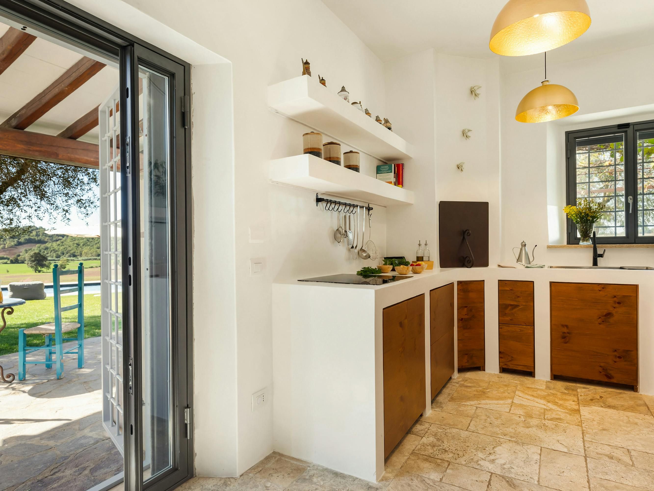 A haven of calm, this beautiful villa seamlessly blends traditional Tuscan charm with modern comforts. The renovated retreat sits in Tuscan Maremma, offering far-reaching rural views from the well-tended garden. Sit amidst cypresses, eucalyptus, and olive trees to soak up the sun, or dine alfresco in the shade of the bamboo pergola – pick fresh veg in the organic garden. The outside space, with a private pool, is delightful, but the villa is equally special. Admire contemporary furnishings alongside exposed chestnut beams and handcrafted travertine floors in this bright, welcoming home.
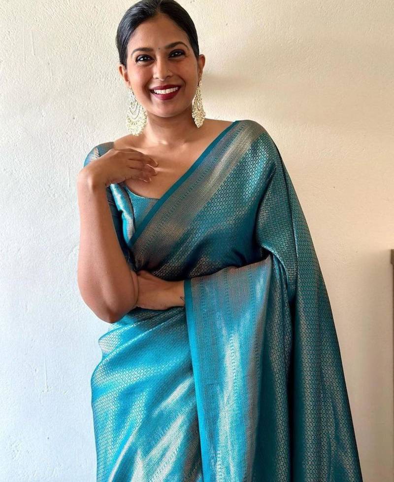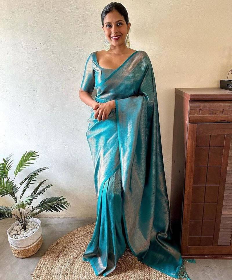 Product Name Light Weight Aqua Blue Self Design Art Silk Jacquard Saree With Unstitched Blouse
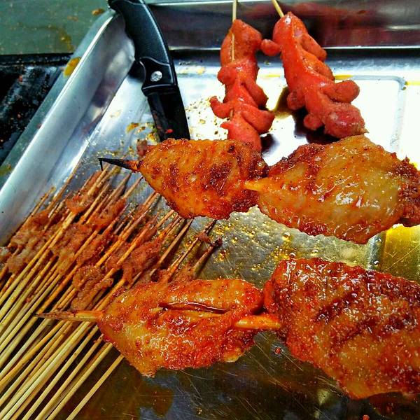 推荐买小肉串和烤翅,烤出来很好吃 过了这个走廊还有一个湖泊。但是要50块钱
...
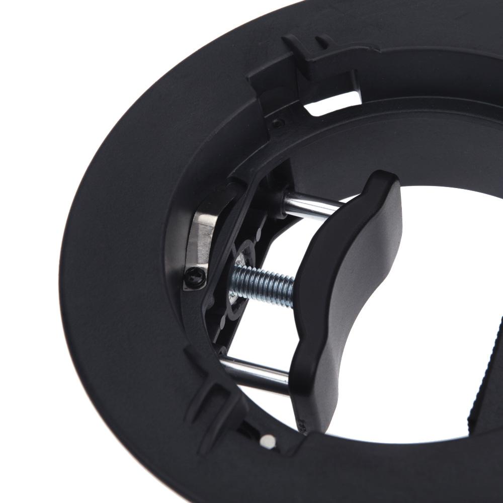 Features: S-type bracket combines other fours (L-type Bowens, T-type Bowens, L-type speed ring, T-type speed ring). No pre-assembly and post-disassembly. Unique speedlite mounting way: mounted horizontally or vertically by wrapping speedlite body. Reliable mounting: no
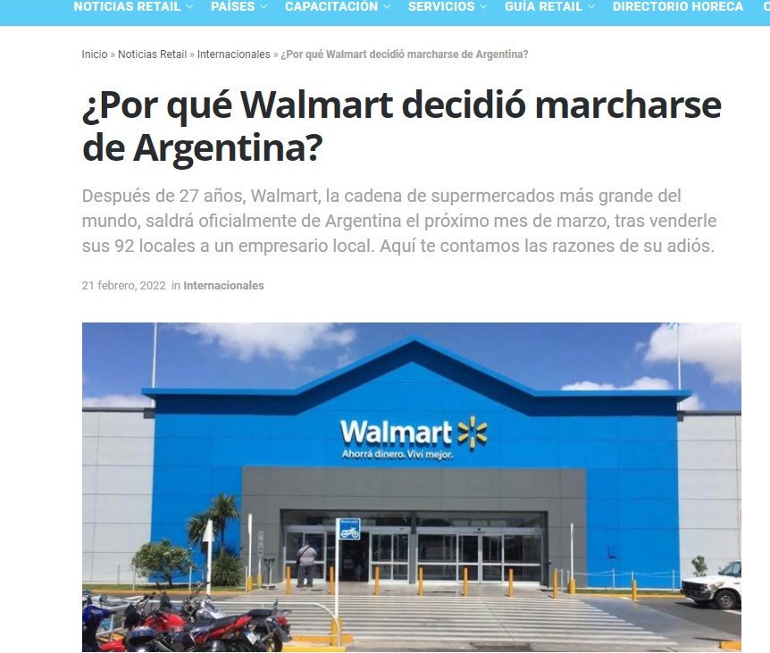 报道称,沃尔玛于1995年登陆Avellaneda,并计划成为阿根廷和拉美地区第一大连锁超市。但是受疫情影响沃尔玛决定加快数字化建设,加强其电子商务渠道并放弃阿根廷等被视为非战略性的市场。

→ **Work instructions**
From the listing above, restate verbatim the lines running from the one with "A haven of calm, this" through the one with "推荐买小肉串和烤翅,烤出来很好吃 过了这个走廊还有一个湖泊。但是要50块钱", inclusive, but not the pictures.

→ **Response to this exercise**
 A haven of calm, this beautiful villa seamlessly blends traditional Tuscan charm with modern comforts. The renovated retreat sits in Tuscan Maremma, offering far-reaching rural views from the well-tended garden. Sit amidst cypresses, eucalyptus, and olive trees to soak up the sun, or dine alfresco in the shade of the bamboo pergola – pick fresh veg in the organic garden. The outside space, with a private pool, is delightful, but the villa is equally special. Admire contemporary furnishings alongside exposed chestnut beams and handcrafted travertine floors in this bright, welcoming home.
 Product Name Light Weight Aqua Blue Self Design Art Silk Jacquard Saree With Unstitched Blouse
 推荐买小肉串和烤翅,烤出来很好吃 过了这个走廊还有一个湖泊。但是要50块钱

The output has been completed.